- Type: Formation
- Unit of: Rackla Group
- Sub-units: Lower and Upper Member
- Underlies: Risky Formation
- Overlies: (Unconformably) Gametrail Formation

Lithology
- Primary: Siliciclastic
- Other: Limestone, Mudstone, Siltstone, Sandstone

Location
- Region: Northwest Territories
- Country: Canada

Type section
- Named for: Blueflower Mountain
- Named by: Aitken
- Year defined: 1989

= Blueflower Formation =

Geologic formation in the Northwest Territories, Canada

The Blueflower Formation is a geologic formation in the Northwest Territories, and is a part of the Rackla Group. It preserves fossils dating back to the Ediacaran period, in both shallow and deep-water environments.

== Geology ==
The Blueflower Formation can be found outcropping in the Wernecke Mountains in Canada, and is a part of the wider Rackla Group. It is overlain by the Risky Formation, whilst it is unconformably underlain by the dolostone Gametrail Formation. The formation is also unique in preserving both deep-water and shallow-water environments. The shallow-water sections are primarily composed of siliciclastic rocks, with sandy-carbonates throughout, and is also fossiliferous in nature, meanwhile the deep-water sections are split into three members.

=== Members ===
The deep-water sections of this formation are composed of three members, two of which are informally named, which are as follows in stratigraphic order (lowest to highest):

- Yuletide Member: This member is primarily composed of inter-bedded conglomerate, sandstone and siltstone.

- Disk Member: This member is dominated by black shales, which is inter-bedded with siltstone, sandstone, and authigenic carbonate lenses and nodules. This member is also fossiliferous in nature, containing a number of discoidal forms such as Aspidella, which give the member its informal name.

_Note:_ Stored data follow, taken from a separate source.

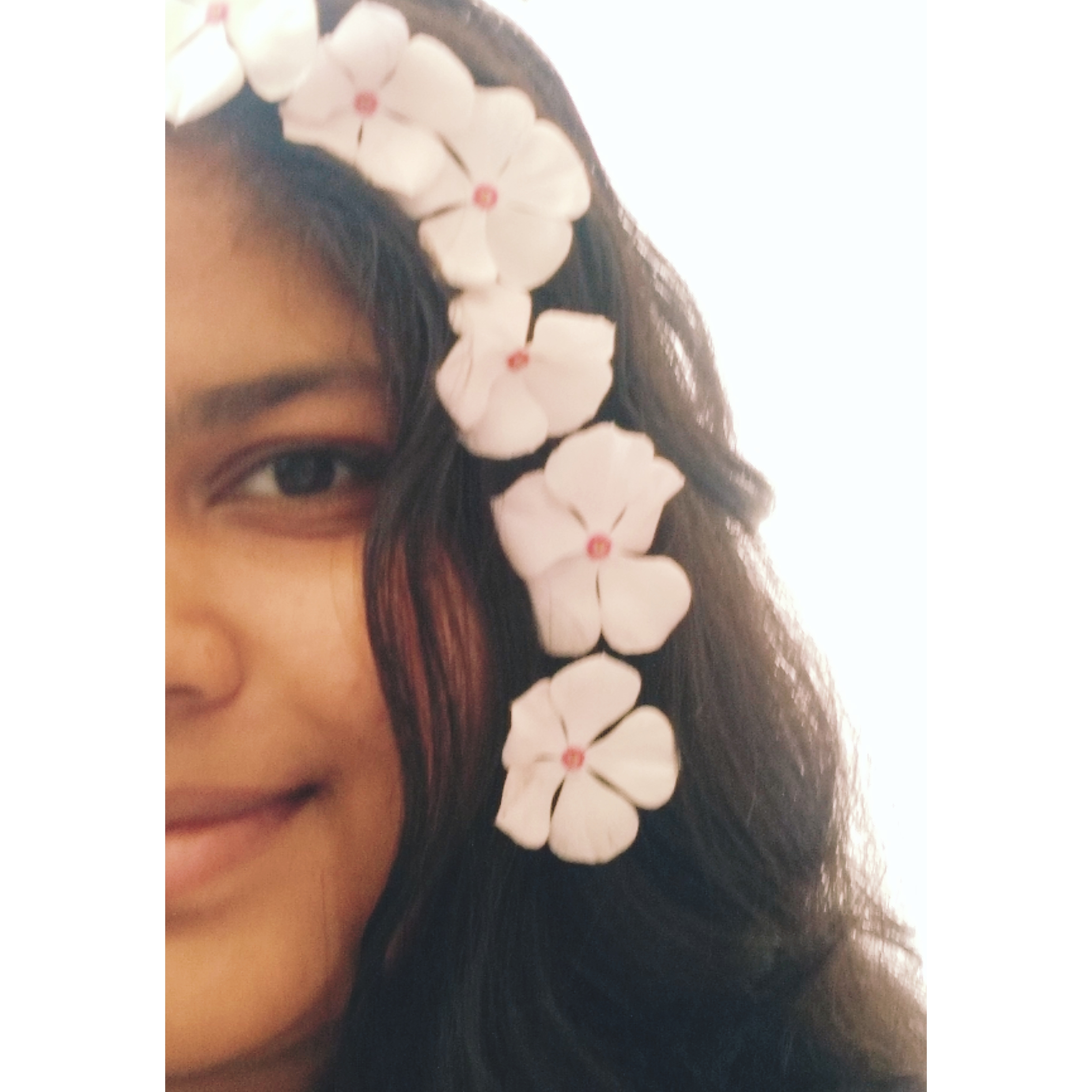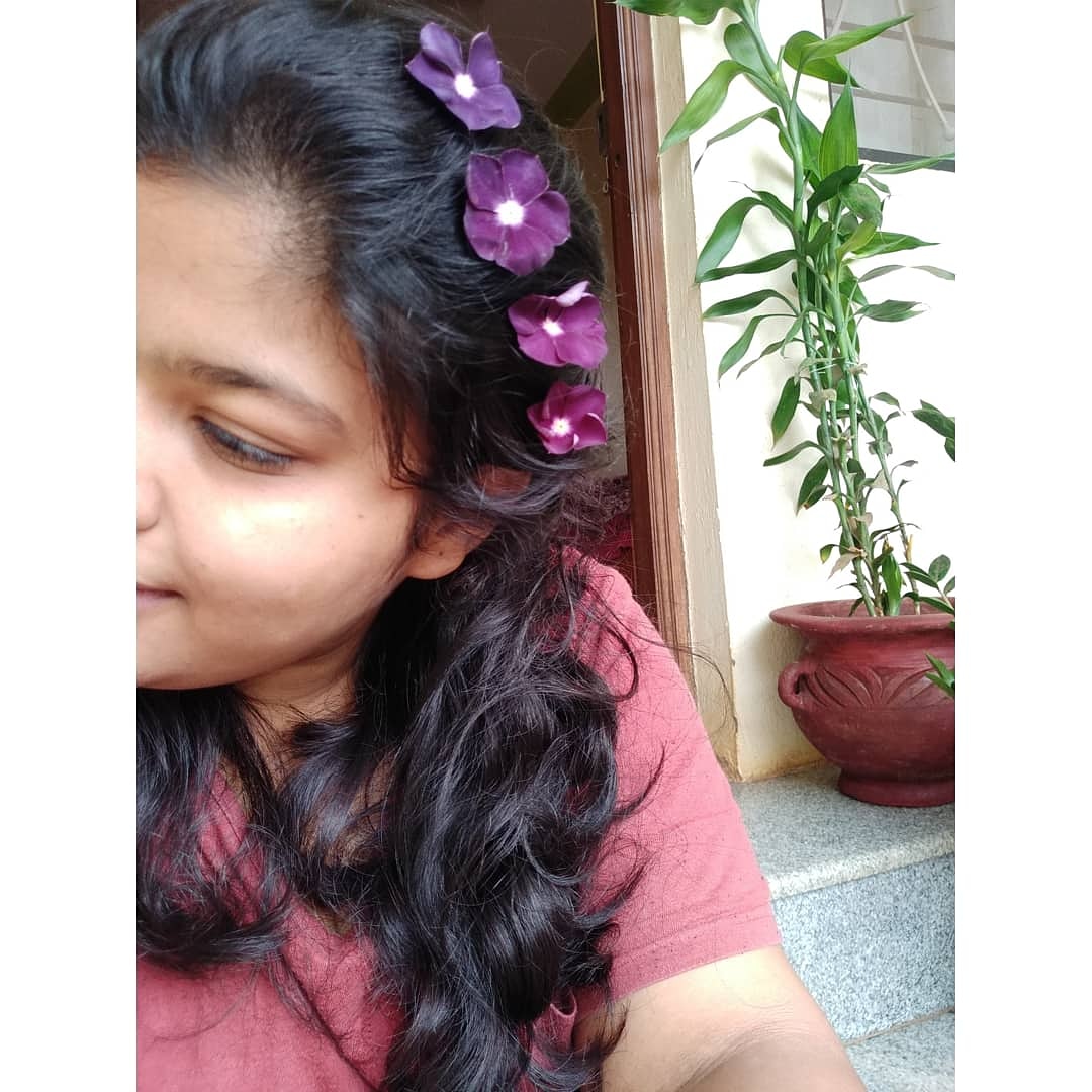 Suddenly looking at the mini garden, I thought I must beautifully tie up the flowers in my pitch-black wavy hair, to experience different hairstyles with different flowers.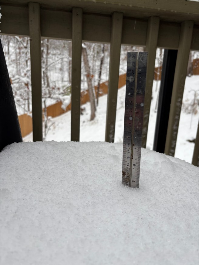 It’s dark out there now. The sun has gone down but the snow reflects what light there is, keeping it a little brighter than it would otherwise be. 16:59, 11.29.2025.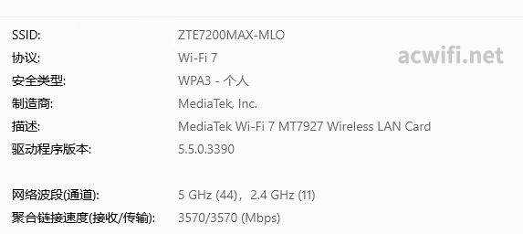 由于有10G SFP+,所以我把5G的频宽设置为160MHz,2.4G频宽40MHz,MT7927无线网卡连接中兴问天BE7200MAX的MLO,无线速率显示3570Mbps,即2882Mbps(5G)+ 688Mbps(2.4G)。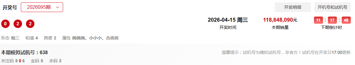福彩3D第096期:上期通杀一码连续三天中断,杀和值尾命中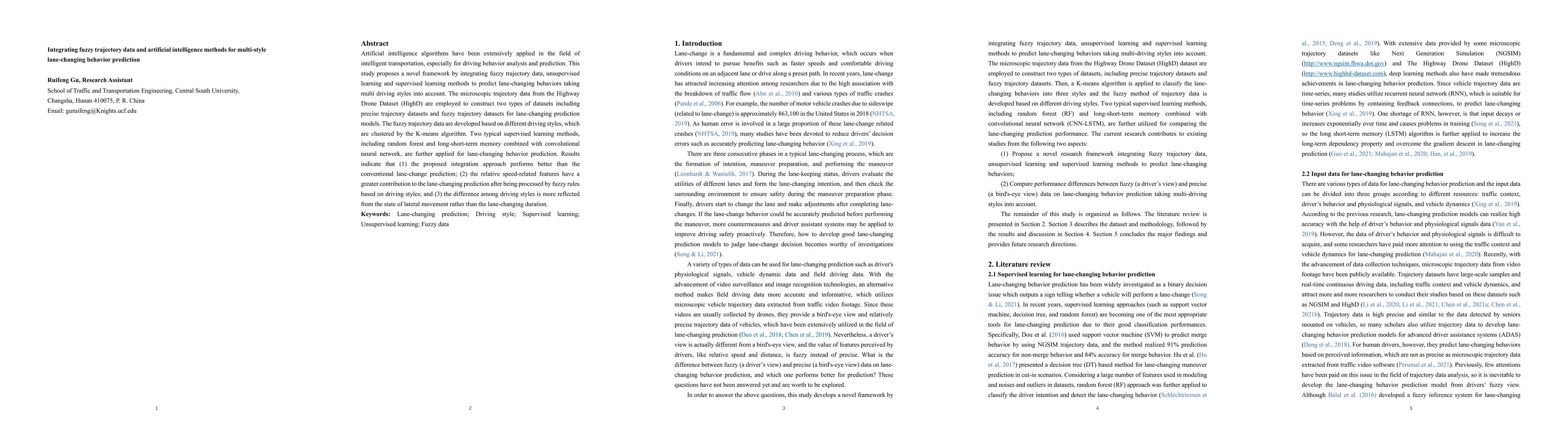 A new framework integrates fuzzy trajectory data with AI methods to predict multi-style lane-changing behavior, outperforming conventional approaches and highlighting the importance of driving style and lateral movement in lane-changing decisions.
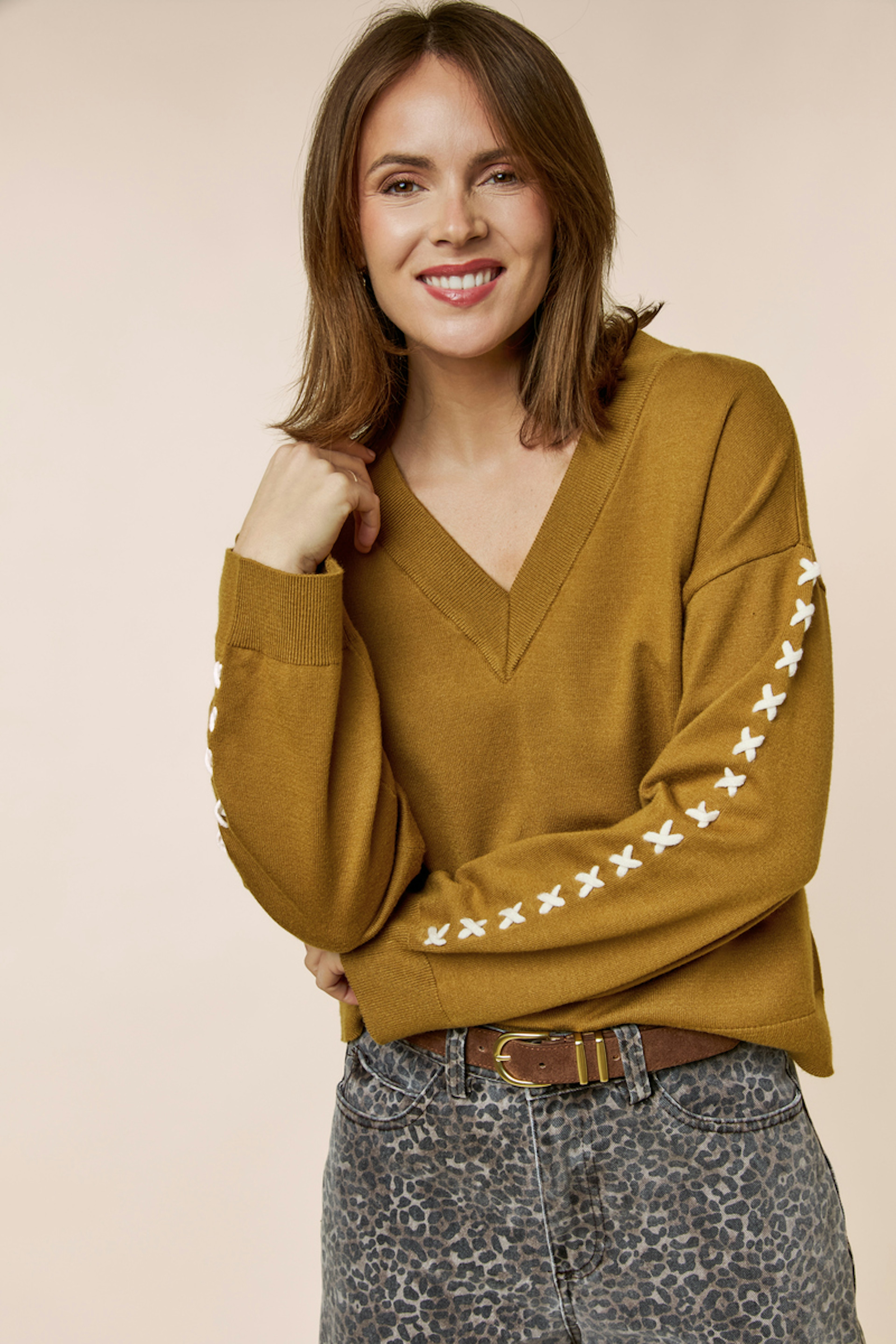 Portez-le avec un jean slim noir et des bottines pour un look chic hivernal. Ajoutez un chapeau en feutre pour une touche finale élégante. • Pull avec motif • Col en V flatteur • Manches longues • Coupe droite • Détails brodés sur les manches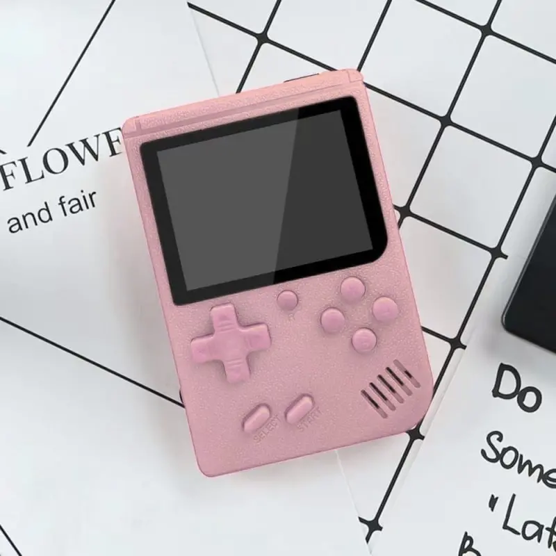 Retro håndholdt spillekonsol i lyserød, med 400 klassiske spil.

- Upper Member: This member is predominately composed of sandstones, containing coarse-grained trough- and tabular-cross-bedded rocks, all of which is inter-bedded with shales.

== Dating ==
The base of the Blueflower Formation has been dated using Re–Os Dating, whilst the upper layers have been dated based on the fossil material. Using samples from the base of the formation, the recovered dates were 567.3±3 Ma and 566.9±3.5 Ma, placing the lower layers within the Avalon assemblage. Meanwhile, various fossils collected from rocks higher up in the formation are noted to be akin to formations placed within the White Sea and Nama assemblages, with the tentative proarticulate Windermeria correlating these layers to the White Sea assemblage.

== Paleobiota ==
Unlike most other Ediacaran formations, the Blueflower Formation is unique in that is preserves shallow and deep-marine environments, and as it correlates with other Avalonian formations such as those in Newfoundland and Labrador, it allowed scientists to figure out whether the Ediacaran Biota started out in deep-marine environments before making their way into shallower waters. The forms that can be found across the formation are the familiar Petalonamae such as Charniodiscus, including juvenile petalonamids from the Lower Member, and from the Upper Member tubular forms such as Annulatubus, and the enigmatic Windermeria.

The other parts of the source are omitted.